We’ve all heard the phrase The customer is always right, but if you’re not working on the front lines of customer support or user research, are you actually listening to what your customers have to say? At many companies, it can be hard to keep tabs on general customer sentiment, and it’s vital that teams at every level of a company know what ultimately makes customers happy (so they can keep doing that) or frustrated (so they can improve).
Let’s look at a few ways any business can track, discuss, and respond to customer feedback—and get the most important bits in front of the right people—all in Slack.
Easily monitor incoming tweets
With Slack’s Twitter app, it’s easy to allocate a channel to all mentions of your company on social media. Connect the app to your company’s Twitter account and point it at a newly created channel, and you’ll get a steady stream of tweets that all mention your company, automatically sent into Slack the moment they’re posted.
From there, teammates can discuss customer feedback in Slack threads and collaborate on how best to respond on Twitter using your company account. You can use the reacji channeler to auto-repost any highly critical tweets to a dedicated #beeftweets channel, where people in the company can discuss ways to fix any problems a customer is experiencing.
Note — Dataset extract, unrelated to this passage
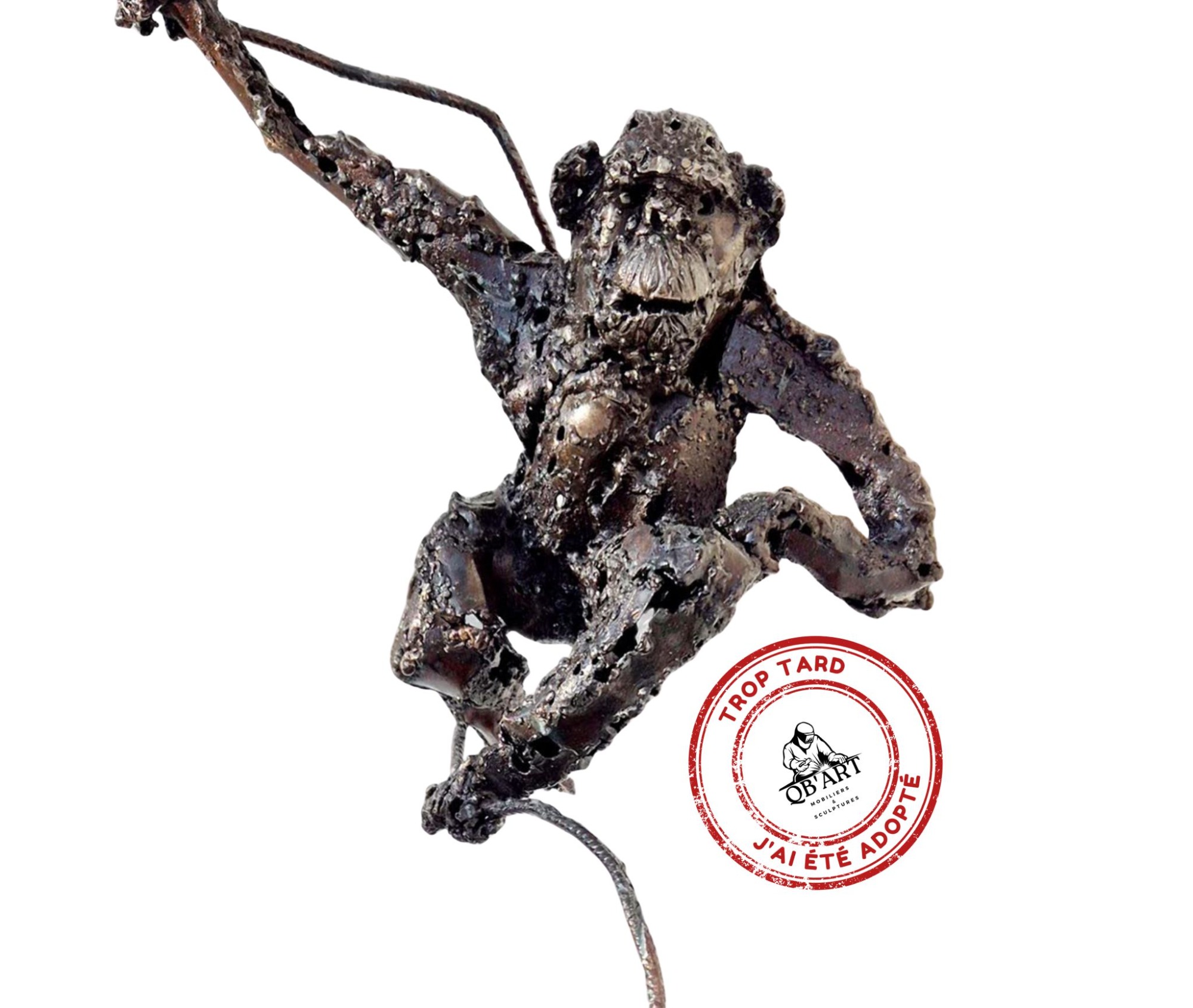 Renard en acier patte levée, finition rouille, sculpture expressive qui capte l’élégance de l’animal.

This is also especially helpful for product education teams, who can use tweets to pinpoint areas of customer confusion and use that to guide future tutorials.
Once you have all of your tweets inside a Slack channel, you’ll be surprised at how often they’re posted elsewhere in Slack, either to highlight positive reviews or illustrate problems to be solved by others.
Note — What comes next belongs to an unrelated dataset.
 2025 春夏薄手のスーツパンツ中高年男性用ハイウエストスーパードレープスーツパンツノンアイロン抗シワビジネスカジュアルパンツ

Turn Slack into your inbox for contact forms
One of the most overlooked features in Slack for all paid teams is the ability to designate an email address for a channel, where every incoming email appears as a new message. For small companies that get a handful of emails sent through their website’s contact form, piping those into Slack saves everyone a trip to their web browser to check for messages. It also means you can have large groups of people monitoring the company contact form. Teams can discuss and plan their replies, use the 👀 emoji reaction to show you’re looking and responding, and mark responses that were sent with a ✔ reaction to let everyone know it was taken care of.
Managing Net Promoter Score (NPS)
If you’ve ever gotten asked on a company’s website how likely you are to recommend a product to others, you took an NPS test. It’s one of the most popular ways for businesses to keep a pulse on the happiness of their customers, and there are a handful of apps for Slack to help you send NPS responses into a channel for your team to review.
Send NPS scores to a general channel once a week for everyone to see the moving average. Post every new report into an #nps-responses channel, and you can do things like ask your sales team to review any low scores (say, 1 to 3 out of 10) that come from paying customers. Reach out to all of these dissatisfied customers—they are prime opportunities to connect, educate, and figure out what they dislike about your products before they decide to cancel.
Keep eyes on review sites
For teams developing applications or games for desktop and mobile systems, keeping track of how your products are reviewed on every system can be a bit of a chore. There is the Apple App Store, the Google Play Store, the Microsoft Windows Store, and Amazon, among others. Slack apps like ReviewBot, Appbot, and AppFollow check your review accounts on a variety of systems and sends all those into a Slack channel for easy viewing. As with the other suggestions in this guide, use the incoming reviews to highlight both positive opinions and problems, and keep an eye on a variety of systems without leaving Slack.
Remind your team that people love them
One of the best pick-me-ups at Slack is walking through the company offices and seeing big flat-screen TVs playing back a steady stream of tweets that make up our Wall of Love. After several years, we’ve collected more than 10,000 of them.
We’ve heard from teams that do this same kind of thing in a more informal way, by creating a channel called #nice-words-people-say. It’s a place for anyone in the company to drop supportive feedback from customers who really appreciate its products, from great NPS responses to customer comments a salesperson hears during an onsite visit.
For teams deep in the trenches working on products or out in the field selling them, it’s rewarding to take the occasional tour of #nice-words-people-say and be reminded that people love your company and your products—and why you’re proud to work on the things you do.
Following customer feedback from all the different inputs can be a challenge, and there are a handful of apps that can help you aggregate and send it all into Slack. From there, your team can read, respond, and keep tabs on customer happiness, all while staying aware of how customers feel about your company’s products—even when you’re not on the front lines of support.